→ Exercise description: Of the entries below, return exactly those lines that fall between the one containing "Na parkingu przed" and the one containing "A pair of George", the two end lines included.

***** Excerpted records *****

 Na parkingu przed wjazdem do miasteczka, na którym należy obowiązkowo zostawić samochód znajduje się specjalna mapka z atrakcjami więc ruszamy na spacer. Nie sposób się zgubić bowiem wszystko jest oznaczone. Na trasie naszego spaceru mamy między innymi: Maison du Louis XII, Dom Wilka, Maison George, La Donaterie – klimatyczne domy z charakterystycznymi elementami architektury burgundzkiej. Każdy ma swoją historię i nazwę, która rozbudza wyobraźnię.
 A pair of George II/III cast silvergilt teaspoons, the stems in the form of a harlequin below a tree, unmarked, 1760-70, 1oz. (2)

*****
***** Excerpted records *****

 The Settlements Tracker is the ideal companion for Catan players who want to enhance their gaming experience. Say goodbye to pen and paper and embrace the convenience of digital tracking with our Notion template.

*****

→ Task solution:
 Na parkingu przed wjazdem do miasteczka, na którym należy obowiązkowo zostawić samochód znajduje się specjalna mapka z atrakcjami więc ruszamy na spacer. Nie sposób się zgubić bowiem wszystko jest oznaczone. Na trasie naszego spaceru mamy między innymi: Maison du Louis XII, Dom Wilka, Maison George, La Donaterie – klimatyczne domy z charakterystycznymi elementami architektury burgundzkiej. Każdy ma swoją historię i nazwę, która rozbudza wyobraźnię.
 A pair of George II/III cast silvergilt teaspoons, the stems in the form of a harlequin below a tree, unmarked, 1760-70, 1oz. (2)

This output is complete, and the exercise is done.